Benoît Bastien (born 17 April 1983) is a French professional football referee. He has been a full international for FIFA since 2014.

Controversies
Benoît Bastien is widely known in Romania for his wrong decisions against the Romanian teams CFR Cluj and FCSB. He was accused of racism and xenophobia to the Romanians by the fans of these clubs after multiple eronated decisions in two games involving the teams, some of them being described as ”intentional”.

Young Boys 2-1 CFR Cluj
The first incident took place on December 10, 2020, in the last matchday of the group stage of the UEFA Europa League season 2020-21. During a football match between the Swiss side Young Boys and the Romanian side CFR Cluj, he gave a penalty for the Swiss team in the 90th minute and sent off CFR's goalkeeper Cristian Bălgrădean, after an alleged foul on the YB's centre-back Cédric Zesiger.

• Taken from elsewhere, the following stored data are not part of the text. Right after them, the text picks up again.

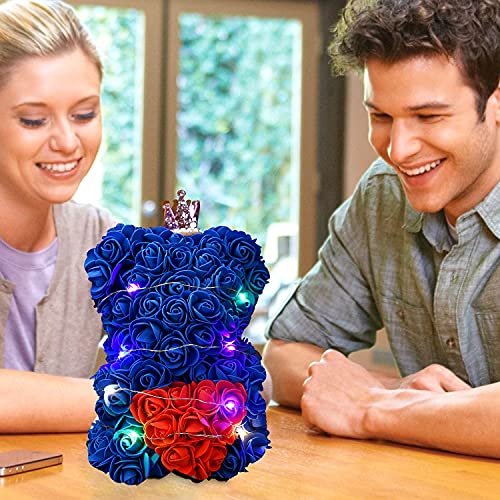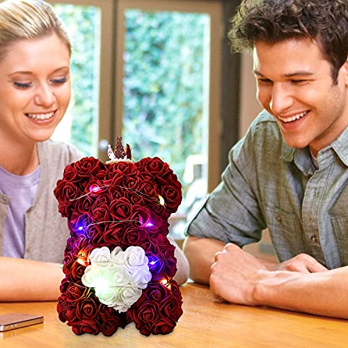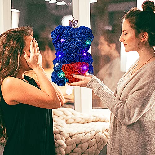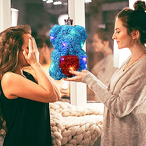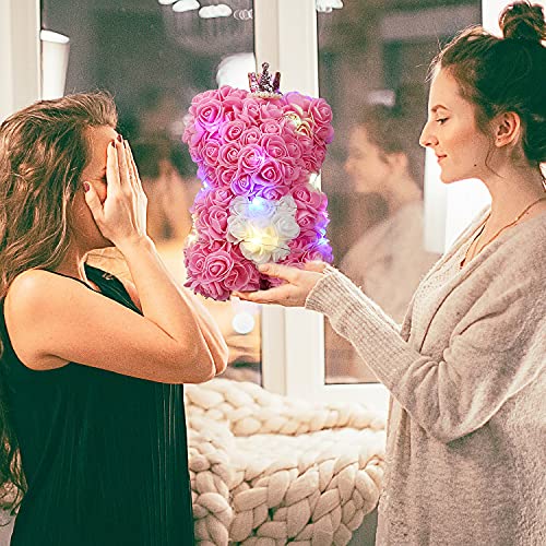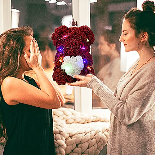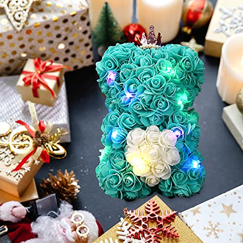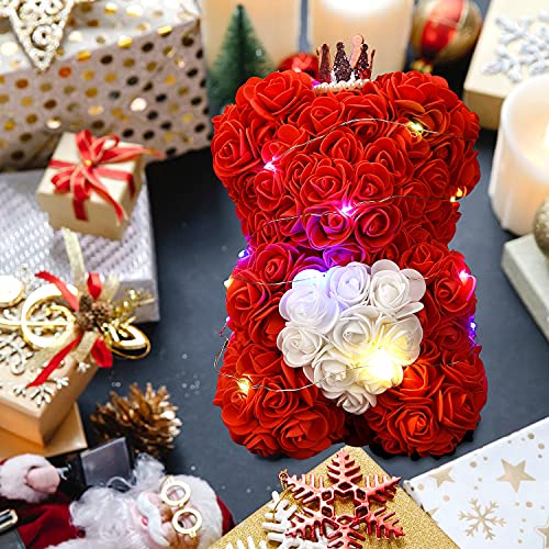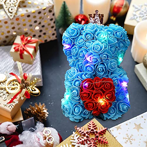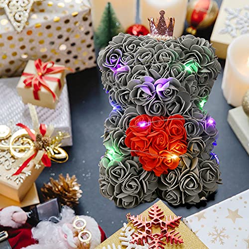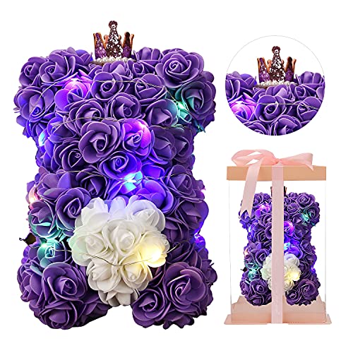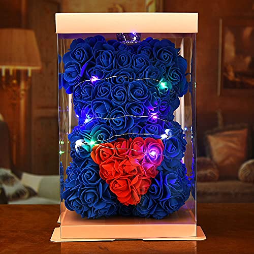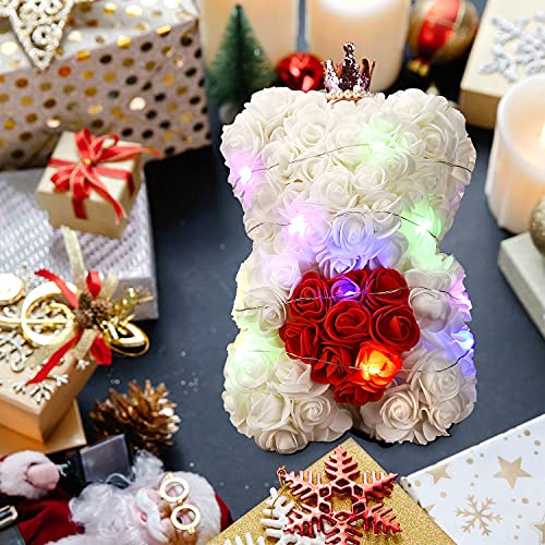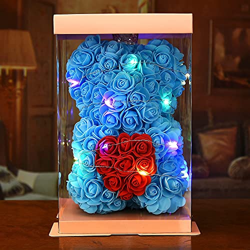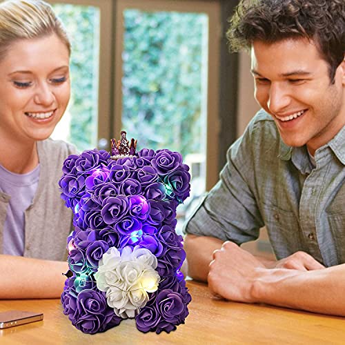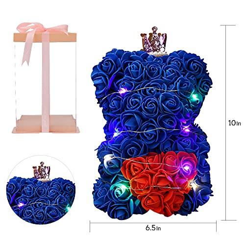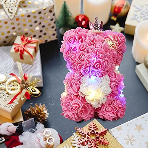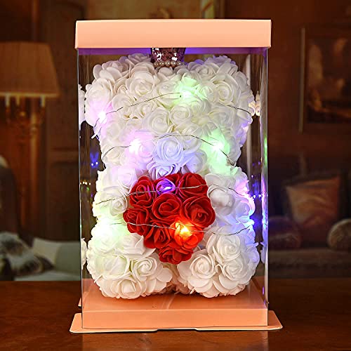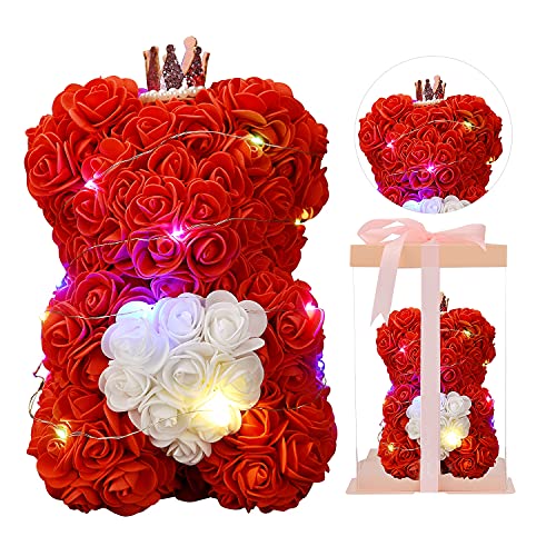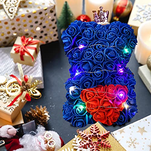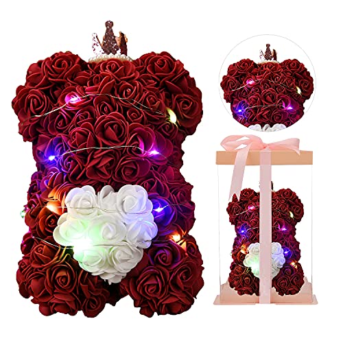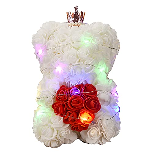 - Rose Teddy Bear-Lightweight and long-lasting perfect charm, suitable for any family and holiday gifts. Over 250+ Flowers on Every Rose Bear, About 25.4 cm (10 inch)Tall. Including a transparent gift box (the thin protective film on the surface can be torn off)-Give away LED light
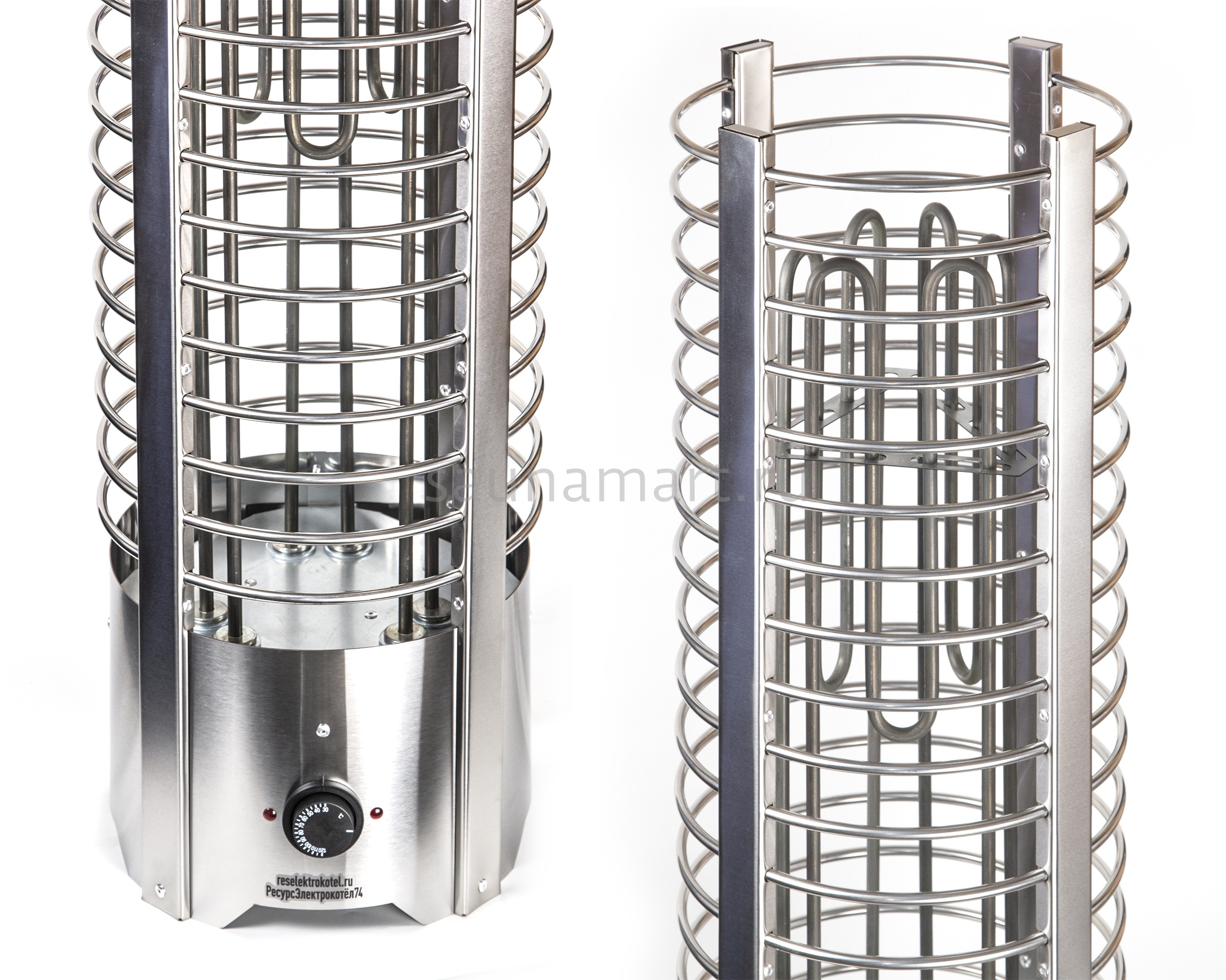 - Надежная циркуляция воздуха между ТЭНами и высокая теплоотдача каменки во все стороны.
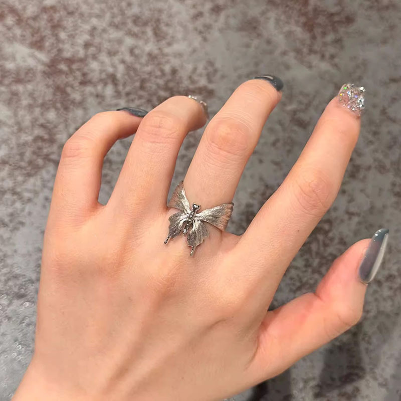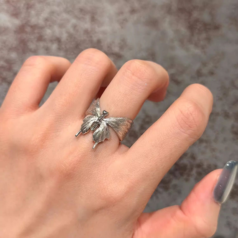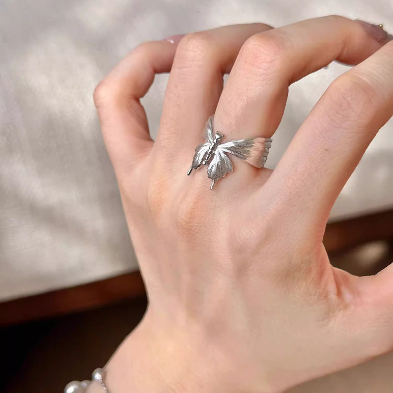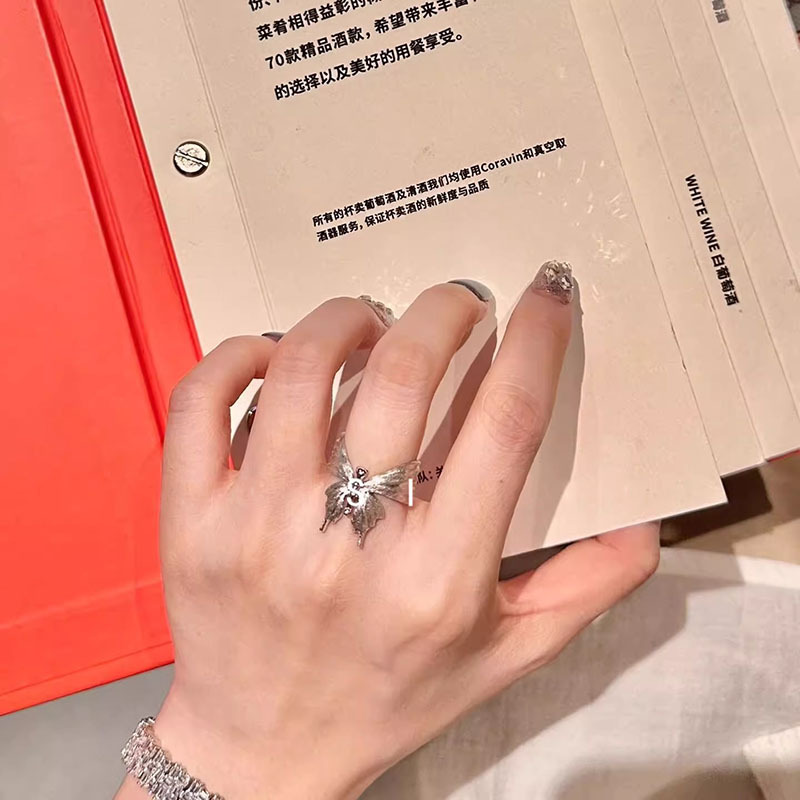 宽版拉丝蝴蝶戒指女小众设计甜美百搭高级感开口食指戒跨境批发
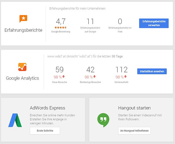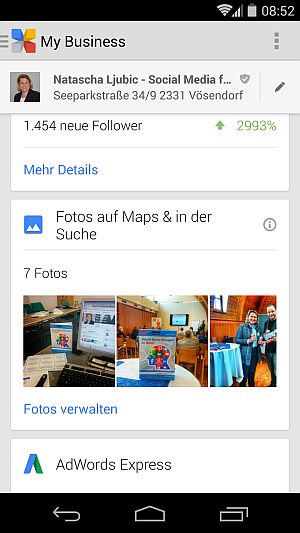 Für Android Nutzer gibt es jetzt schon eine mobile App „MyBusiness“ - iphone Nutzer müssen noch ein wenig warten. Neben den Details zum Unternehmen auf Google Plus, wie Statistiken, Fotos von Google Maps - kommt man auch zu den Werbeanzeigen - Adwords Express.
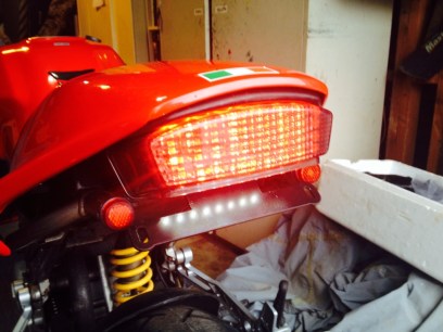 I replaced the stock tail light with an LED one from ducatimonstertailchop.com in the USA, which incorporates the indicators, as well as the license plate illumination. A new tail tidy from the same supplier finishes off the tail chop nicely. I also ordered some random reflective licence plate fasteners to take care of the LTSA regulations for reflectors, but when they turned up, they were way too big for my number plate, but perfect as tubular end plugs for my tail chop. LTSA regulations are now dealt with and I think they look quite snazzy.
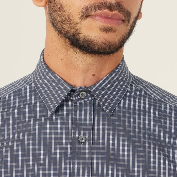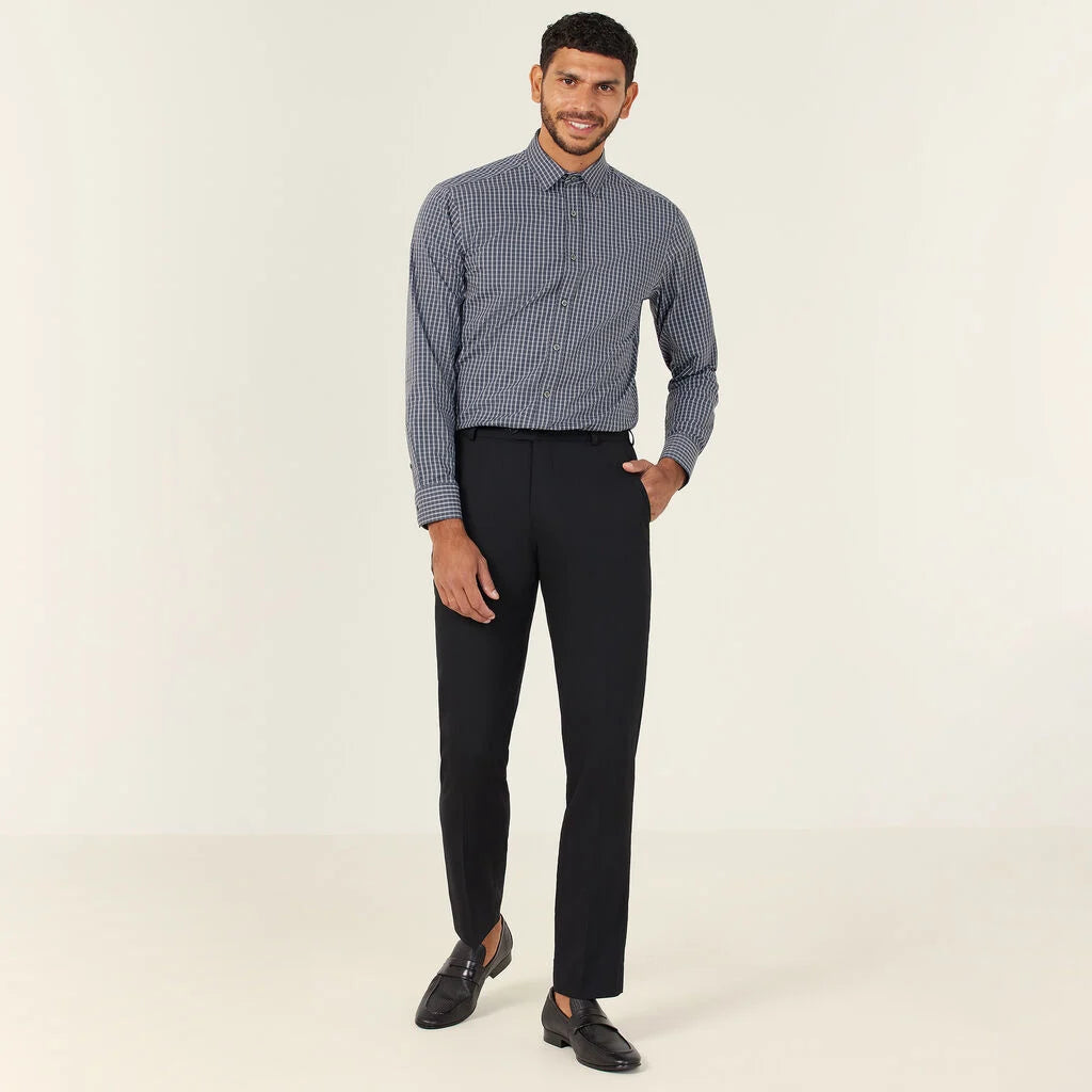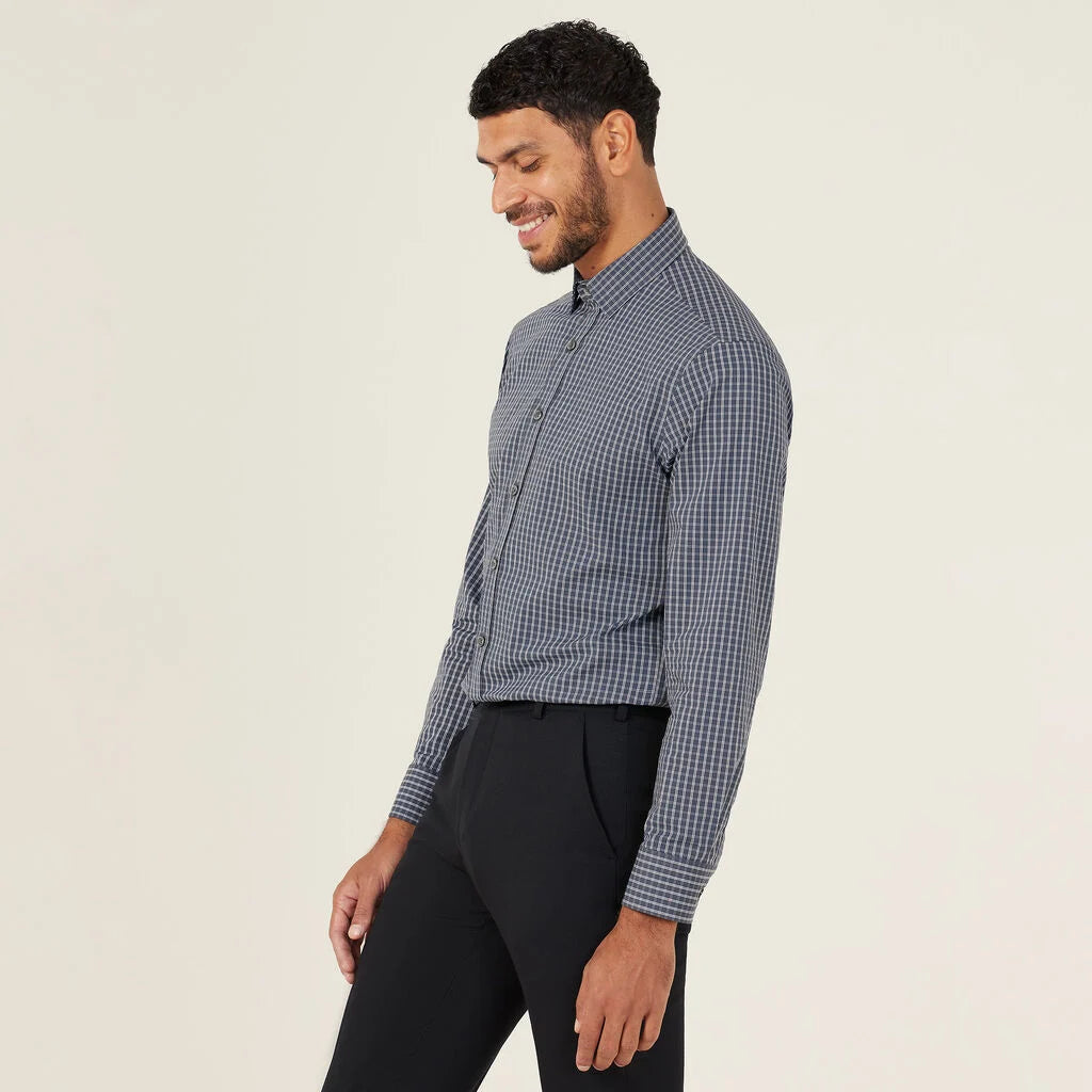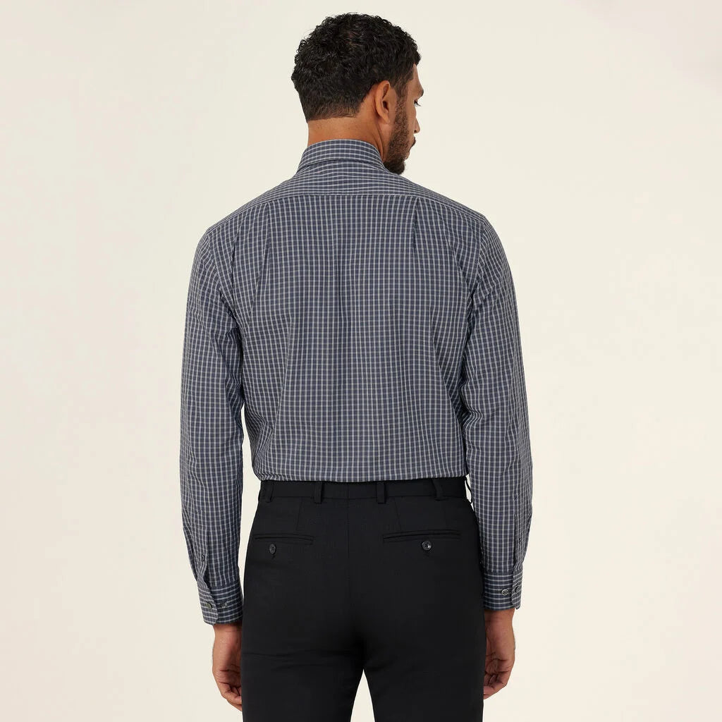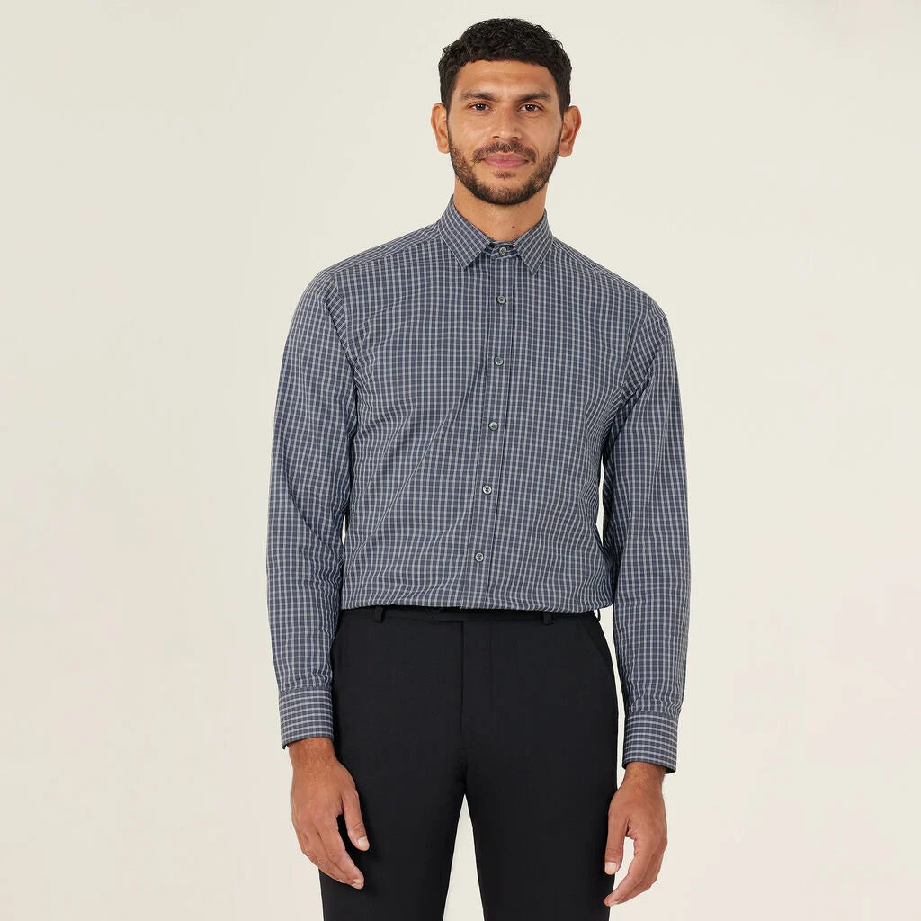 Think a sharp collared neckline with permanent collar stays, long sleeves with adjustable cuffs, back pleats for room to move and a comfortable regular fit. And now, the Avignon Fine Check Long Sleeve Shirt offers a fresh take in a cool navy colourway spliced with sharp white checks. The design is stamped across a new durable yet breathable fabric, which forms part of our Good Thread range. It has been mindfully made using recycled polyester, combined with luxurious cotton and elastane for stretch. Team with chinos for a more relaxed spin on tailoring.

At that moment, CFR Cluj was leading 1-0, thanks to a goal scored by Gabriel Debeljuh in the 84th minute. Before the last matchday, CFR Cluj was on the third place, with five points, and needed a victory against Young Boys to qualify further. Subsequently, at that score, the Romanian side was on the second place, one point above Young Boys. 

Jean-Pierre Nsame went on and scored the equaliser from the penalty kick in the 93rd minute, sending Young Boys on the second position again. Moreover, Young Boys went on and scored again in the 96th minute. The match was supposed to end after 95 minutes, but it went over and Bastien stopped almost before the 100th minute mark.

Group statistics if CFR Cluj would have won 1-0, the score in the 93rd minute.

West Ham United 3-1 FCSB
The second incident took place two years later, on September 8, 2022, in the first matchday of the 2022-23 UEFA Europa Conference League group stage. The English side West Ham United and the Romanian side FCSB, the latter one having the first appearance in the group stage of an international cup in five years, were disputing a match. FCSB was leading 1-0 in the 64th minute, when Benoît Bastien gave a very controversed penalty for the English side, after Maxwel Cornet crashed into the Romanian side goalkeeper, injuring both himself and FCSB's goalkeeper Ștefan Târnovanu. FCSB players protested for multiple minutes, but Bastien continued with the penalty, with Jarrod Bowen equalising from the penalty spot. A despondent FCSB side went on and lost 1-3, failing to win any match in the campaign and suffering tremendous defeats against both West Ham (0-3 in Bucharest) and the Danish side Silkeborg (0-5 both in Silkeborg and Bucharest).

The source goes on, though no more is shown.